La littérature donne deux sous-espèces
...mais Fage insiste sur l'importance du comportement très sédentaire de l'espèce ; il semble avoir été à l'origine d'une constellation de sous-populations d'individus se déplaçant peu, formant des groupes au sein d'une immense métapopulation distribuée sur au moins 20° de latitude nord (Fage parle de « nombreuses races locales, qui s'échelonnent depuis la Baltique jusqu'à la Mer Noire » et d'une multiplicité des aires de pontes, « limitées aux parages fréquentés en permanence par les adultes »[1]. C'est une eau plus chaude dans le Golfe de Gascogne, constatée par les recherches océanographiques de l'Office des Pêches au début du XXe siècle, publiée par Le Danois[13] qui pourrait expliquer que les populations espagnoles et portugaises de sprats aient été isolées de celles de Bretagne et Vendée.
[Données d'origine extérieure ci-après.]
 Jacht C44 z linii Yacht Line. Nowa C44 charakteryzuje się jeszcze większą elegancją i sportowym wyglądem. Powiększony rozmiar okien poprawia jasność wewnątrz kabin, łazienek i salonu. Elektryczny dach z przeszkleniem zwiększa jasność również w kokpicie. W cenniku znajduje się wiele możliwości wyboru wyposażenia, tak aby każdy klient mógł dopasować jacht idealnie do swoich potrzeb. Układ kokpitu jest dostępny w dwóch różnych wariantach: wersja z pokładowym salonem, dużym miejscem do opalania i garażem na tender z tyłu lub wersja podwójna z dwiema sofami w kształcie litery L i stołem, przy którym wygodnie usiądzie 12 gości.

Le sprat ne fréquenterait que les eaux à 10-11 °C en profondeur, alors que des endo-upwellings la portent à 16-18 °C dans le golfe de Gascogne au sud de la Garonne ; Fage pose l'hypothèse que la barrière séparant ces populations pourrait être thermique[1], c'est un des premiers cas de fragmentation écologique d'habitat marin créés par une « barrière thermique » (ici naturelle) citée par la littérature.
Comme pour la sardine et l'anchois, une grande partie des anciens bancs de sprats ont régressé ou disparu. Ailleurs des augmentations de populations sont constatées, mais au détriment peut être d'autres espèces d'intérêt commercial.
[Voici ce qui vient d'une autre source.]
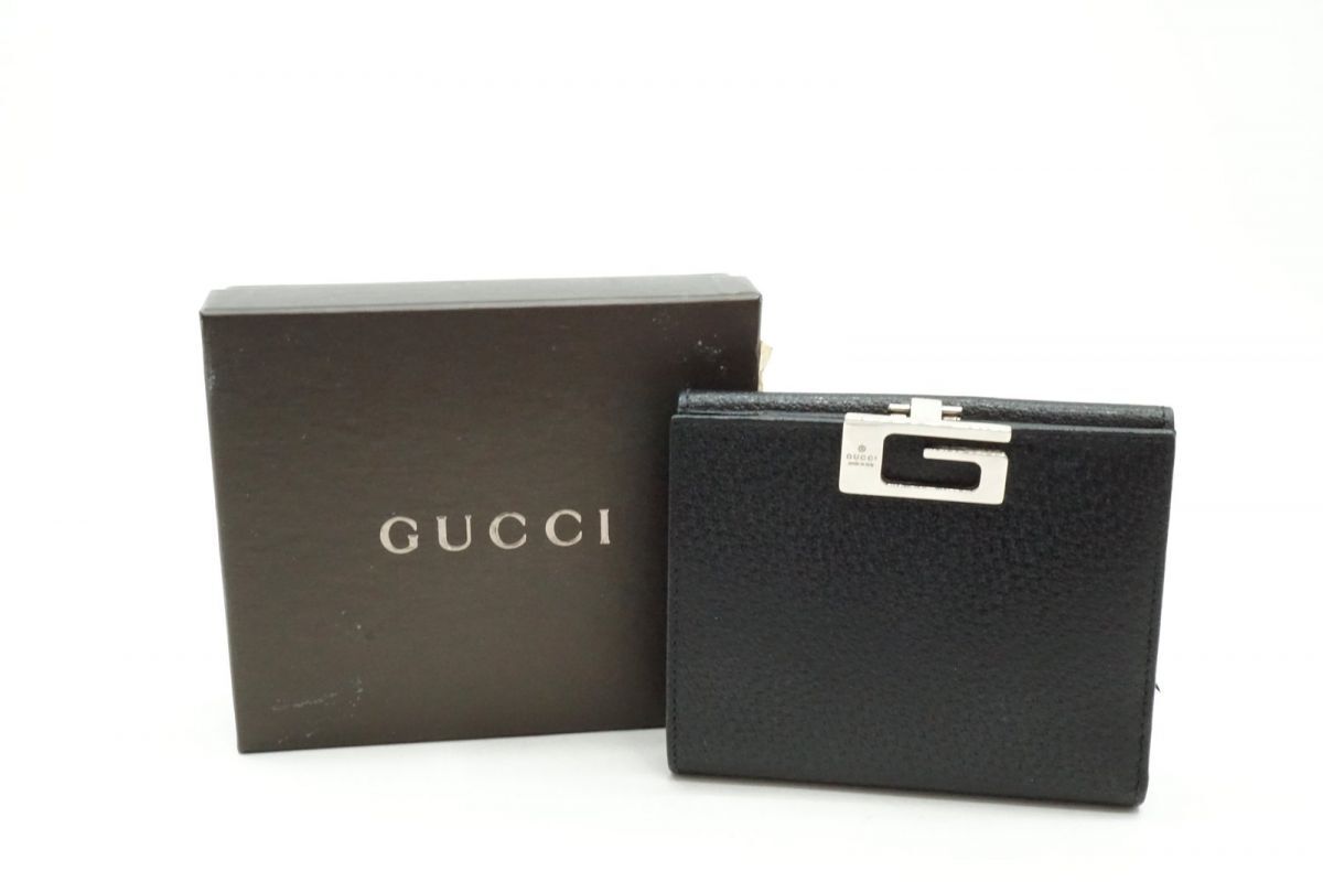 > グッチ 二つ折り 財布 サイフ 035 4276 2095 Gロゴ金具 コンパクト Unisex レザー 黒 ブラック GUCCI 3645k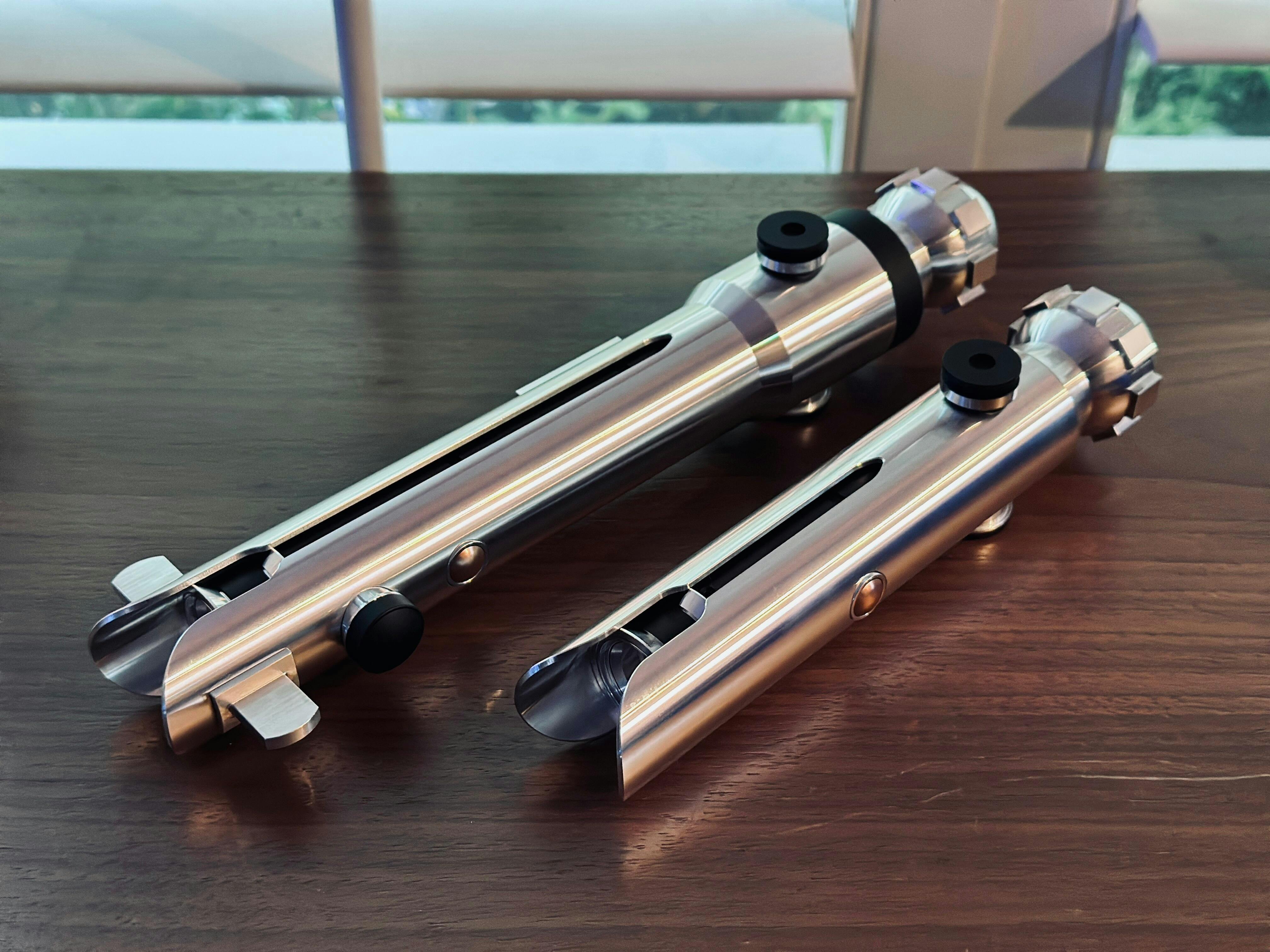The set contains both the main hilt (Main) and the off-hand grip (Shoto). The hilts are made of aluminum 6061. Both hilts have a 7/8" blade holder, matching blade plugs are also included. The main has two spring-loaded switch plungers, the Shoto has one. A closed and a vented pommel are supplied for both sabers, which can be exchanged at any time The hilts come in a high-quality collector's box.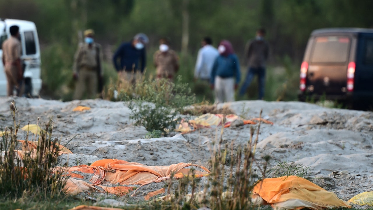 On Friday, rains exposed the cloth coverings of bodies buried in shallow sand graves on a wide, flat riverbank in Prayagraj, a city in Uttar Pradesh state. While officials say the riverside burials have taken place for decades, the sheer numbers in the shadow of the pandemic are focusing more attention on the practice.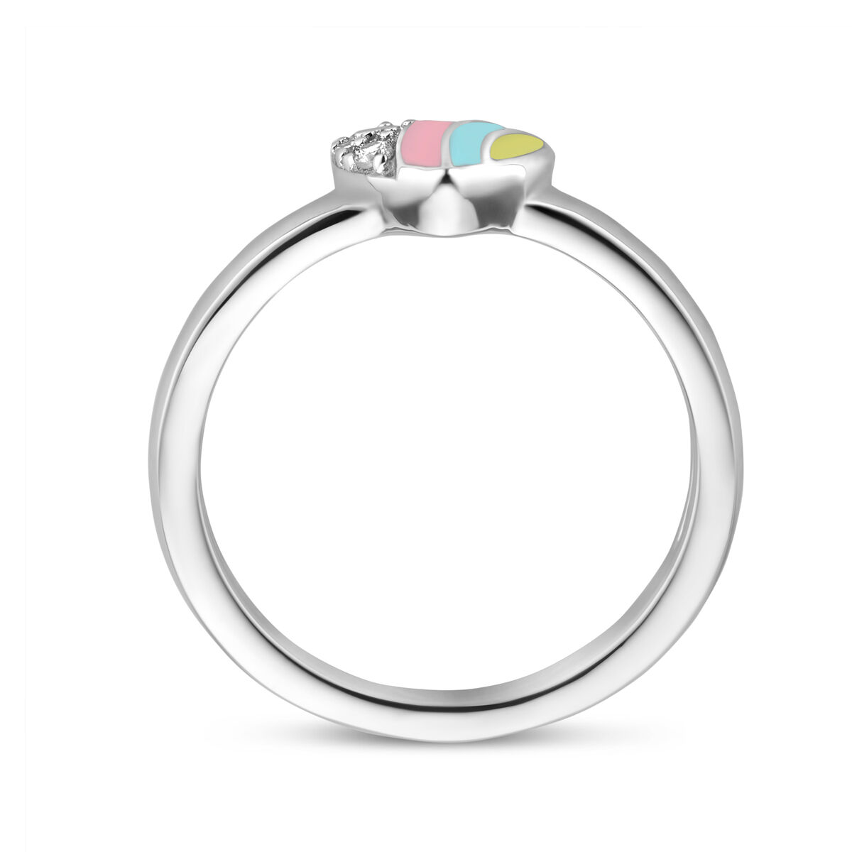 Gerhodineerd 925 zilveren ring uitgevoerd met een hart en zirkonia. De ring heeft een afmeting van 5.5x6mm.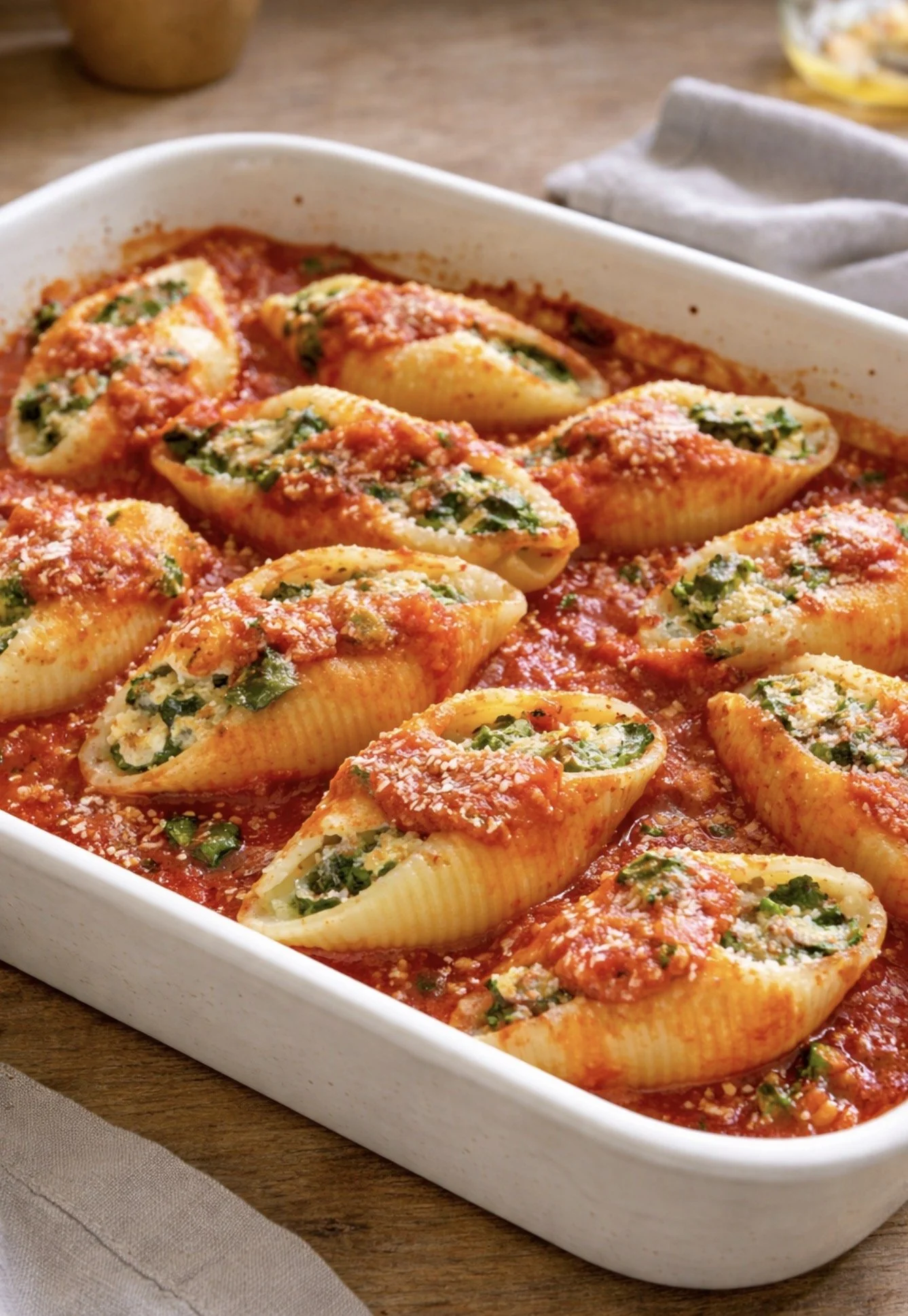 Tender pasta shells filled with a creamy spinach-and-ricotta mixture, then baked in a rich tomato sauce. A classic, comforting dish with balanced, satisfying flavor.

Fage insistant dans les années 1920 sur le fait que le sprat « plus encore peut-être que la sardine, est au point de vue de la température, extrêmement exigeant au moment du frai. Sur toute l'étendue de son vaste habitat, ses larves qui se développent vers 30 m de profondeur ne se rencontrent que dans les eaux de 8 à 11 degrés. Il faut donc, pour que le sprat se maintienne dans une région donnée, que les adultes y trouvent les conditions favorables à leur reproduction »[1]. On peut donc penser que, outre les effets des pollutions et de la surpêche ou de la dégradation de certaines frayères par le chalutage, le réchauffement climatique ait pu contribuer à la régression de l'espèce[réf. nécessaire].
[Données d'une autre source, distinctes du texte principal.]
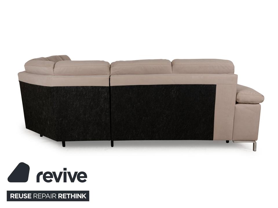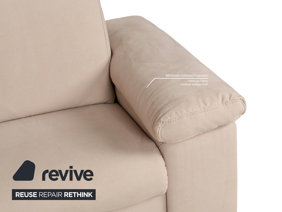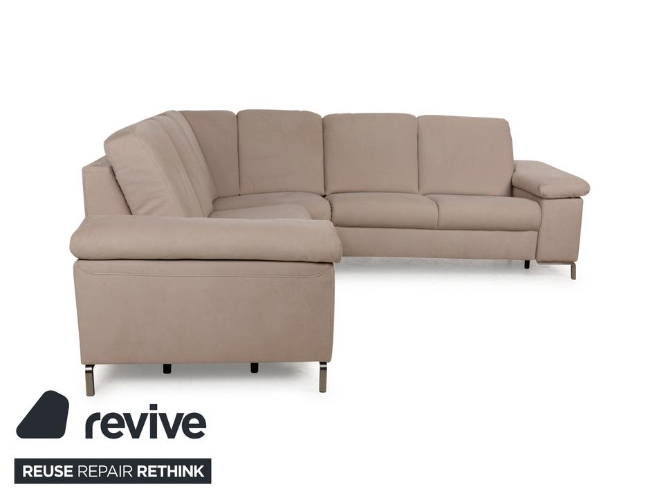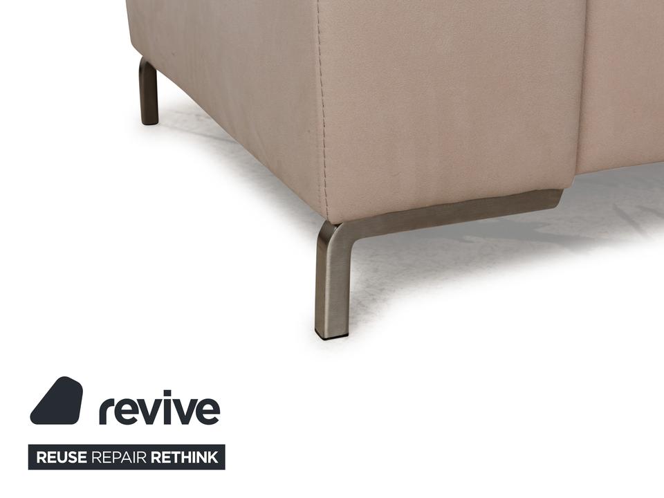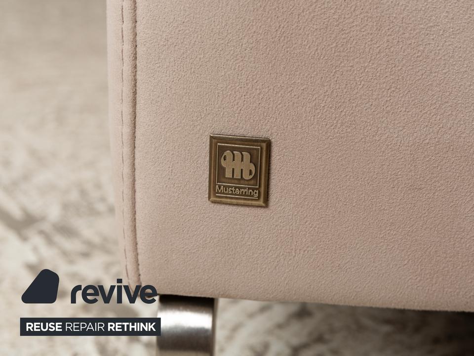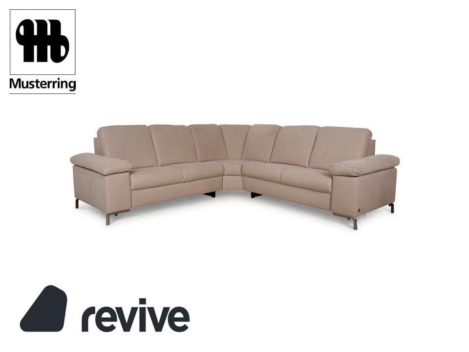 Das Sofa von Musterring ist mit einem beigefarbenen Stoff bezogen und steht auf schmalen Metallwinkeln als Beinen. Das Ecksofa zeichnet sich durch sein quadratisches Grunddesign und die komfortable Polsterung aus. Hohe Rückenlehnen und breite Armlehnen laden zum Verweilen ein.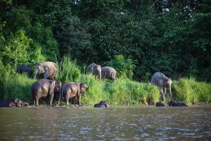 This magical biological paradise is home to 10 species of primates (including more than 1,000 orangutans and proboscis monkeys), more than 300 species of Borneo pygmy elephants, more than 50 species of mammals, more than 20 species of reptiles, more than 300 species of birds and more than 1,000 species of plants...including some rare and protected animals.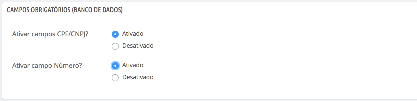 Para emitir uma NFe, é obrigatório informar o Tipo de Pessoa (CPF/CNPJ), número e bairro do Endereço. O módulo possui a opção para habilitar estes campos: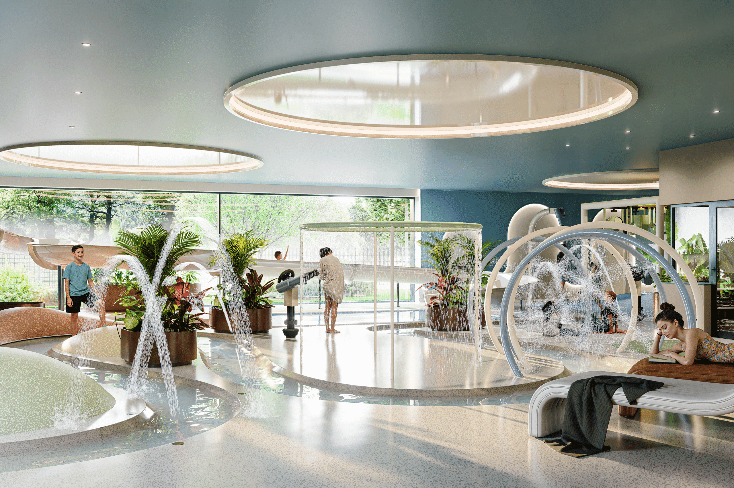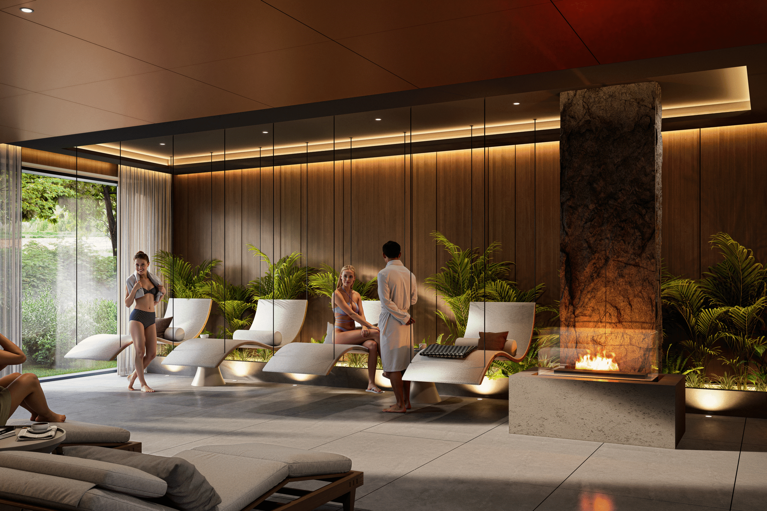 Na terenie kompleksu znajdą się również restauracje à la carte, klubowe lobby, zielone tarasy z panoramicznymi przeszkleniami, strefy zabaw dla dzieci oraz dwukondygnacyjne parkingi podziemne.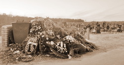 Его и сейчас нет между могилами. Мусорные кучи, куда свалены старые выцветшие венки, пластиковые букеты и стандартные кресты, аккуратно собраны вокруг контейнеров. Контейнеры при этом пусты.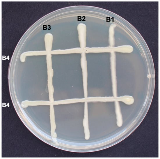 The compatibility between the bacterial isolates from cabbage rhizosphere was evaluated using the in vitro cross-streak method. The results showed that the bacterial strains were compatible as no inhibition was observed in the interjunction. The compatibility of P. brenneri B4-SQU with other bacterial isolates is shown in Figure 3.

Selon les données disponibles, les sprats, comme les harengs ou d'autres espèces, peuvent contenir des métaux lourds[14] ou accumuler de faibles doses de produits chimiques (PCB, dioxines notamment), mais moins que l'anguille ou d'autres espèces situées plus haut dans le réseau trophique[15]. Certains de ces polluants sont des perturbateurs endocriniens. Leurs effets à long terme sur les populations de sprat semblent peu étudiés.
En France métropolitaine, il existe de nombreux synonymes pour désigner le sprat : harenguet, menuise, blanquette, clupée spratte, mélette (ou melette), anchois de Norvège, sprot ou esprot. En breton, on le connaît sous le nom de glizig.